Segment Open
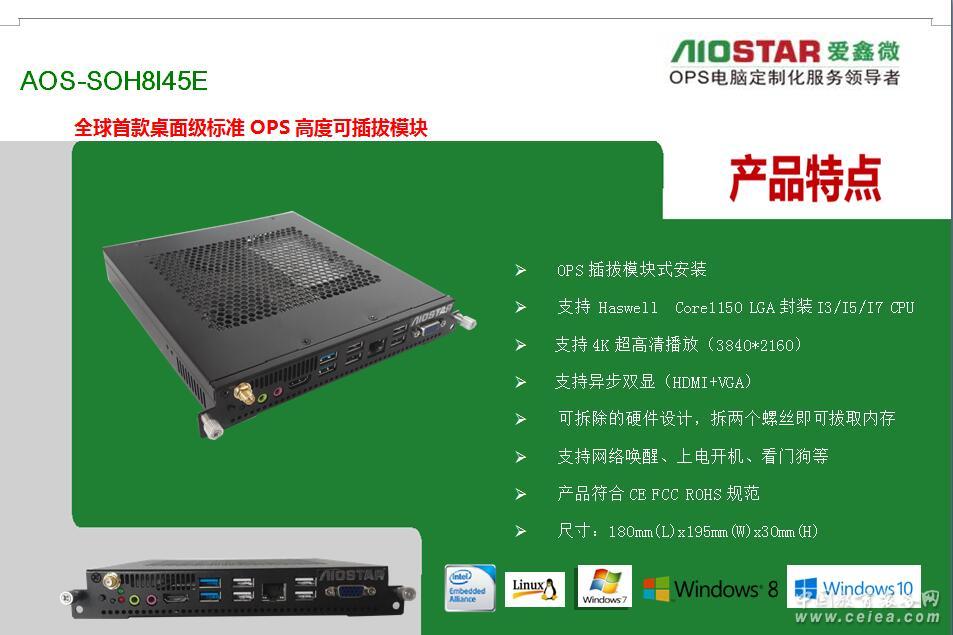 產(chǎn)品詳細介紹深圳市愛鑫微電子有限公司為更好的配合不同廠家的要求,可提供OPS主板與OPS準系統(tǒng)的方案配合各個廣告機,觸控一體機廠家,多媒體壁掛式教學一體機,數(shù)字標牌,錄播觸控一體機,同時保證所提供OPS主板與OPS插拔式電腦/OPS-C插拔式電腦主機是完全按照INTEL OPS規(guī)范定義的,完全支持鴻合教育一體機、東方中原教育一體機、創(chuàng)維教育一體機、康佳教育一體機、中銀液晶觸控一體機、中電數(shù)碼教育一體機、海爾觸控一體、TCL觸控一體機、KTC/HKC/HPC等各大交互式教育觸控一體機廠家,愛鑫微電子提供專業(yè)的定制化服務(wù)OEM/ODM. 聯(lián)系電話:18620397178 QQ:46078934 現(xiàn)階段我司已推出了一系列OPS電腦方案如下: 頂極OPS插拔式電腦方案:H110+6代CPU+2G獨立顯卡(GT730/GT850/GT950) 高端:H110+6代CPU (市場最新方案 4K極清方案)歡迎客戶取樣測試。支持4組USB3.0+3組USB2.0+3組異步顯示(VGA+HDMI+DP)+3組網(wǎng)口(可以直接接IP攝像機進行錄播與監(jiān)控或者網(wǎng)絡(luò)內(nèi)外網(wǎng)隔離進行封標) 中高端:H81+4代CPU/HM86+4-5代CPU(市場主流) 中端:H61+2-3代CPU/HM65+2-3代CPU(高性價比) 低端:baytrailJ1800/J1900無風扇低成本的OPS電腦(幼教觸控一體機專用) 深圳市愛鑫微電子有限公司(以下簡稱“AIOSTAR”)是一家集研發(fā)、生產(chǎn)和銷售于一體的高新技術(shù)企業(yè),同時是Intel、AMD、NVIDIA等芯片廠商緊密的合作伙伴。公司主營工業(yè)主板(ITX/3.5寸/NANO等)、媒體播放主機、OPS主機、OPS可插拔式電腦模塊、OPS主板、BOX-PC、網(wǎng)絡(luò)安全硬件平臺、服務(wù)器、工業(yè)平板電腦、一體化工作站等產(chǎn)品。目前,產(chǎn)品已廣泛應(yīng)用于DS、MIDS、IWB、POS、自助查詢、零售金融、工業(yè)自動化,智能交通,網(wǎng)絡(luò)信息安全,通訊、智能安防,云計算、石油石化、醫(yī)療、軍事裝備等多個領(lǐng)域。公司高度重視客戶的需求和滿意度,針對不同的客戶需求,能夠快速做出積極的響應(yīng),為其進行量身設(shè)計并提供個性化的OEM/ODM服務(wù)。 愛鑫微電子本著以“人才是企業(yè)的財富,效益是追求的目標,發(fā)展是永恒的主題”為宗旨;以“客戶至上,品質(zhì)為尊“為原則;提倡“博愛”“齊鑫”“微天下”的意愿,愿與全球各地的企業(yè)商家攜手合作,共謀發(fā)展!
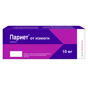 Показания к применениюЯзвенная болезнь желудка в стади обострения и язва анастомоза; язвенная болезнь двенадцатиперстной кишки в стадии обострения; эрозивная гастроэзофагеальная рефлюксная болезнь или рефлюкс-эзофагит; поддерживающая терапия гастроэзофагеальной рефлюксной болезни; неэрозивная гастроэзофагеальная рефлюксная болезнь; синдром Золлингера-Эллисона и другие состояния, характеризующиеся патологической гиперсекрецией; в комбинации с соответствующей антибактериальной терапией для эрадикации Helicobacter pylori у пациентов с язвенной болезнью.Применение при беременности и кормлении грудьюДанных по безопасности применения рабепразола во время беременности нет.Исследования репродуктивности на крысах и кроликах не выявили признаков нарушения фертильности или дефектов развития плода, обусловленных рабепразолом; однако у крыс в небольших количествах препарат проникает через плацентарный барьер. Париет не следует применять при беременности за исключением случаев, когда ожидаемый положительный эффект для матери превосходит возможный вред для плода.Неизвестно, выделяется ли рабепразол с грудным молоком. Соответствующие исследования у кормящих женщин не проводились. Вместе с тем рабепразол обнаружен в молоке актирующих крыс, и поэтому Париет нельзя назначать кормящим женщинам.ПротивопоказанияБеременность; период лактации; детский возраст до 12 лет; гиперчувствительность к рабепразолу, замещенным бензимидазолам или к вспомогательным компонентам препарата.С осторожностью применять у пациентов с тяжелой почечной недостаточностью тяжелой степени, в детском возрасте.Побочное действиеОстрые системные аллергические реакции; тромбоцитопения, нейтропения, лейкопения; гипомагниемия; повышение активности печеночных ферментов,гепатит, желтуха, печеночная энцефалопатия; интерстициальный нефрит; буллезные высыпания, крапивница,мультиформная эритема, токсический эпидермальный некролиз, синдром Стивенса-Джонсона.миалгия, артралгия, гинекомастия.СоставДействующее вещество: Рабепразол (Rabeprazole)Концентрация действующего вещества (мг): 10мг
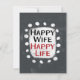 Le texte gras "Happy Wife Happy Life" est centré sur un arrière - plan gris. Le texte noir et rouge est posé sur un rectangle blanc avec de grands points blancs texturés autour, offrant un contraste ludique sur le fond de couleur solide.
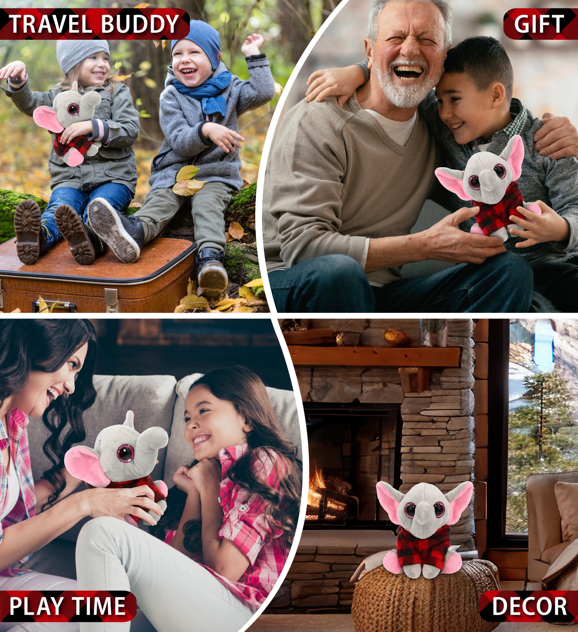 IDEAL USE FOR THE ELEPHANT WITH PLUSH CLOTHES - The small elephant winter plush is the ultimate stuffed teddy bear cuddle buddy! Whether it’s on a shelf as holiday decor or a Christmas teddy bear gift, this elephant adds a touch of winter warmth wherever it goes. With its red plaid shirt, the plush is great for winter nights and joyful holiday memories. Warm your home this winter season with cute stuffed animals wearing red plaid flannel shirt.
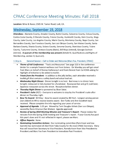 CPAAC Conference Meeting Minutes: Fall 2018
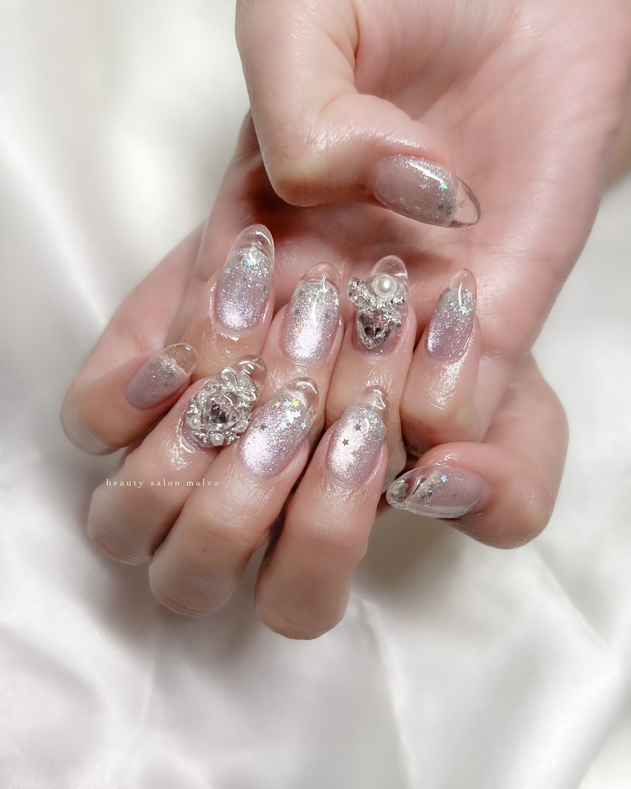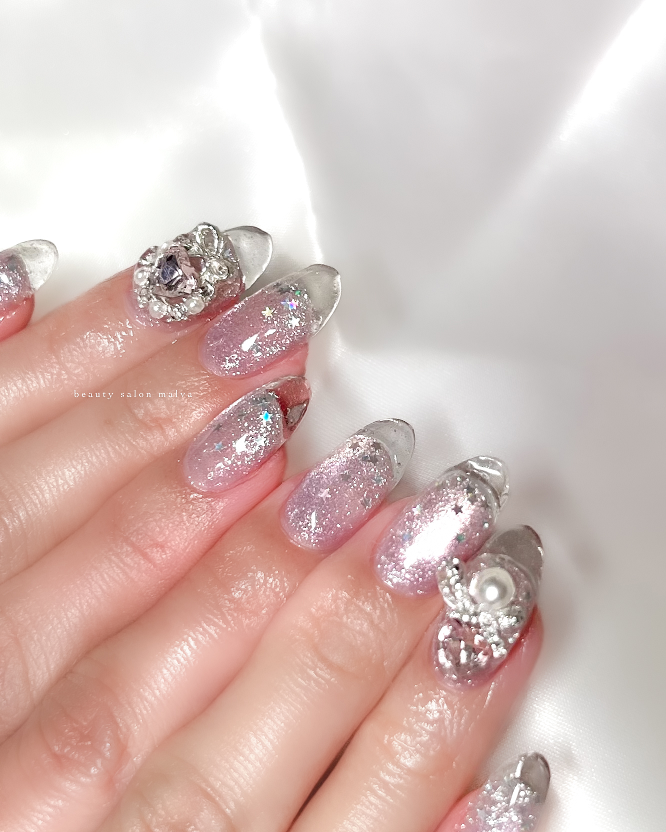 自爪で施術される場合は先端のクリアは無い状態となり、前面マグネットのキラキラとなります✨
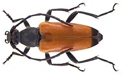 Brachyleptura fulva is a species of longhorn beetle in the subfamily Lamiinae found in Crimea and France.[1] The colour of the species is black, with orange wings.[2]
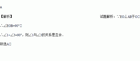 如图,直线AB,CD交于O,EO⊥AB于O,∠1与∠3的关系是( )
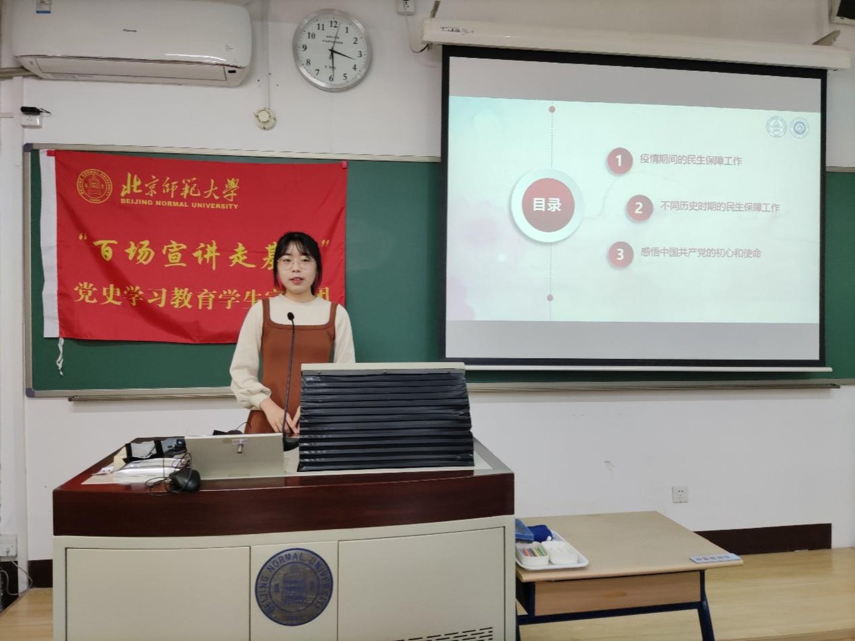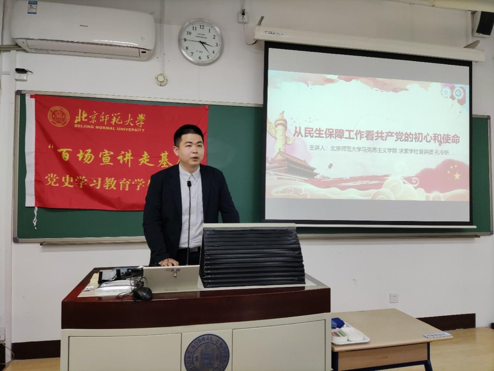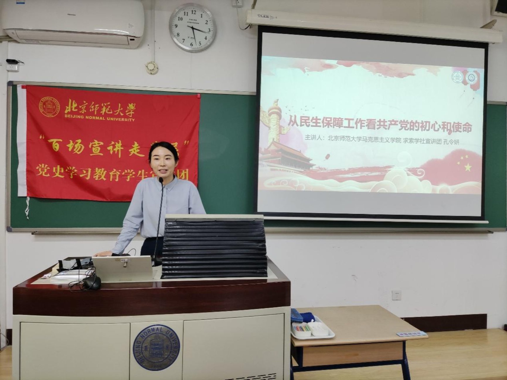然后,来自cn影院 马克思主义学院、求索学社宣讲团的孔令妍同志进行了以《从民生保障工作看共产党的初心和使命》为题为大家进行了主题宣讲。孔同志从疫情期间的民生保障工作、不同历史时期的民生保障工作和感悟中国共产党的初心和使命三个角度完成宣讲,让在场的各位同志更深刻地认识到我们党是一以贯之坚持初心的党,党的一切工作都是从人民利益出发,从人民利益着想,我们作为青年党员要认识到自己的使命,要敢于担当,善于担当。
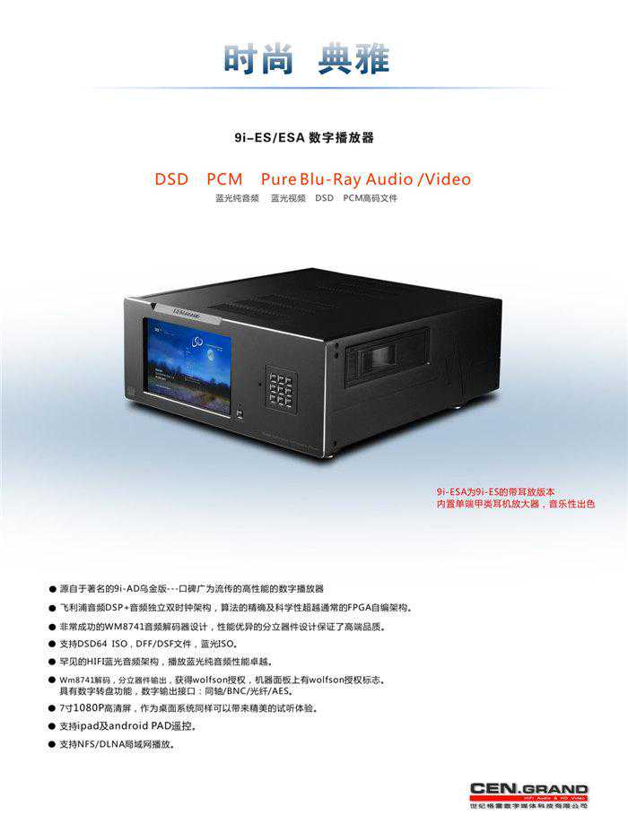9i-ES/ESA是世纪格雷新推出的两款中价位数字播放器产品。9i-ES为数字
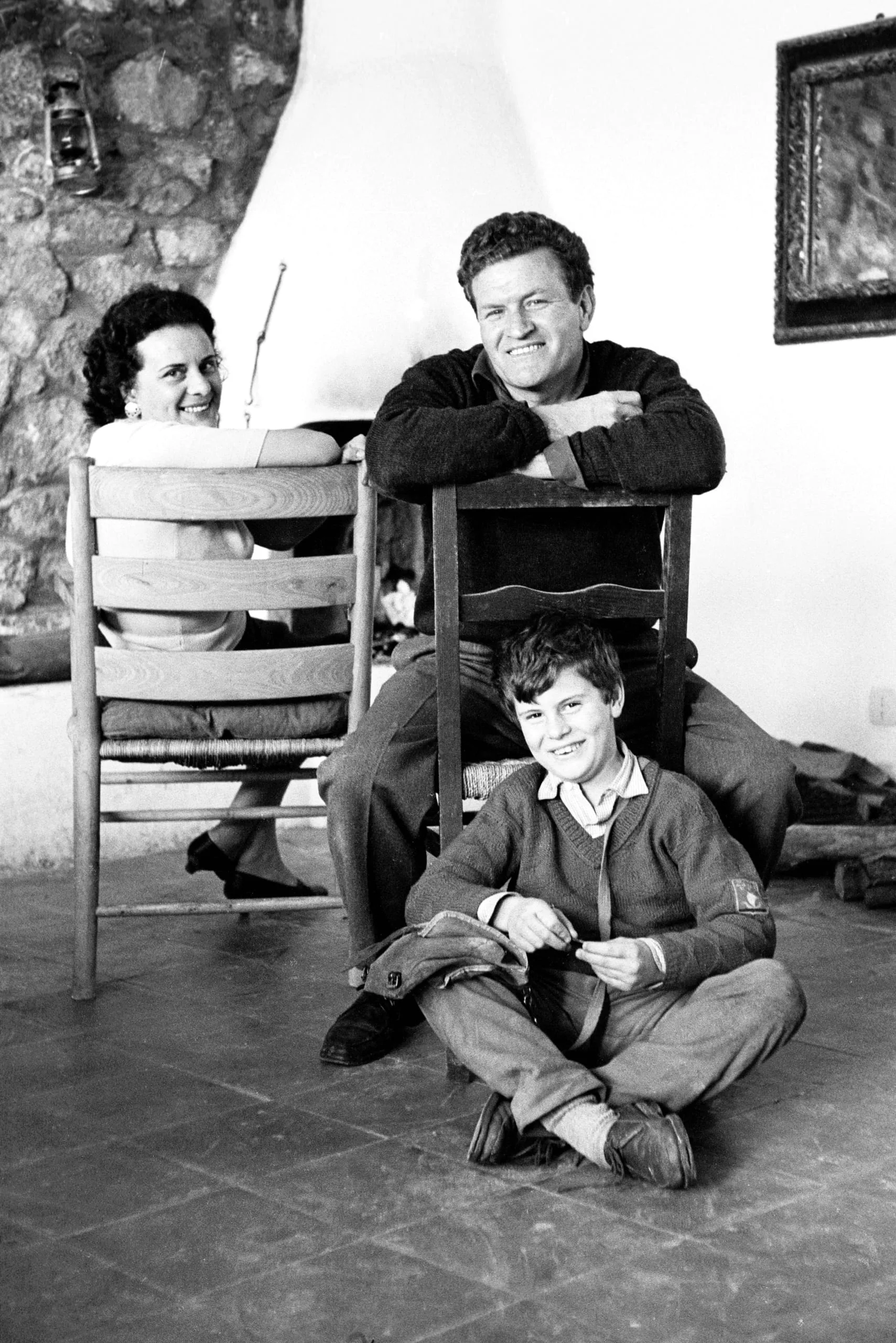 Black and white photograph of two white adults and a child in a stone-walled interior, the man leaning over a wooden chair back, the child seated cross-legged on a tile floor below
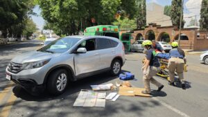 Oficiales de Tránsito Municipal realizaron los peritajes y aseguraron la moto de la marca Italika WS175, de color negro, con azul, con placa L2F17V, así como la camioneta involucrada, una Honda CR-V, de color plata, con matrícula PLL-453-B.
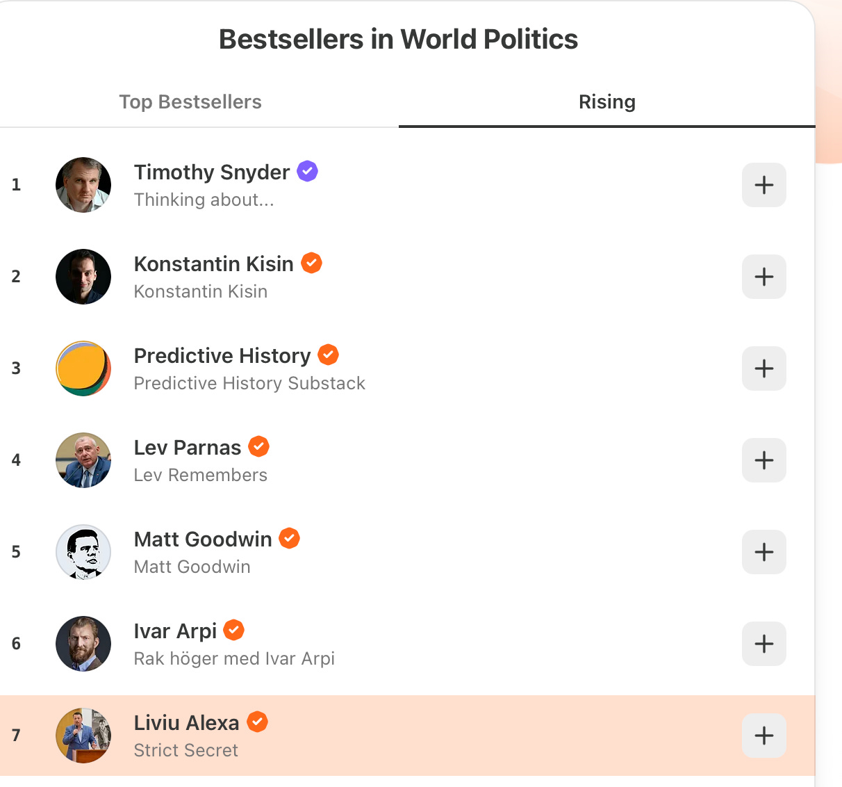 Strict Secret este newsletterul de investigatii nr. 1 din Romania, cu 275 000 de cititori. Nu o spun eu, o spune Substack. Si nr. 7 in LUME pe categoria World Politics.
Segment Closed
**EXERCISE DESCRIPTION**
What you write out is the stretch of entries from the line containing "Brachyleptura fulva is" to the line containing "Oficiales de Tránsito", word for word, with both end lines and no pictures.

**ANSWER TO THE PROBLEM**
 Brachyleptura fulva is a species of longhorn beetle in the subfamily Lamiinae found in Crimea and France.[1] The colour of the species is black, with orange wings.[2]
 如图,直线AB,CD交于O,EO⊥AB于O,∠1与∠3的关系是( )
然后,来自cn影院 马克思主义学院、求索学社宣讲团的孔令妍同志进行了以《从民生保障工作看共产党的初心和使命》为题为大家进行了主题宣讲。孔同志从疫情期间的民生保障工作、不同历史时期的民生保障工作和感悟中国共产党的初心和使命三个角度完成宣讲,让在场的各位同志更深刻地认识到我们党是一以贯之坚持初心的党,党的一切工作都是从人民利益出发,从人民利益着想,我们作为青年党员要认识到自己的使命,要敢于担当,善于担当。
9i-ES/ESA是世纪格雷新推出的两款中价位数字播放器产品。9i-ES为数字
 Black and white photograph of two white adults and a child in a stone-walled interior, the man leaning over a wooden chair back, the child seated cross-legged on a tile floor below
 Oficiales de Tránsito Municipal realizaron los peritajes y aseguraron la moto de la marca Italika WS175, de color negro, con azul, con placa L2F17V, así como la camioneta involucrada, una Honda CR-V, de color plata, con matrícula PLL-453-B.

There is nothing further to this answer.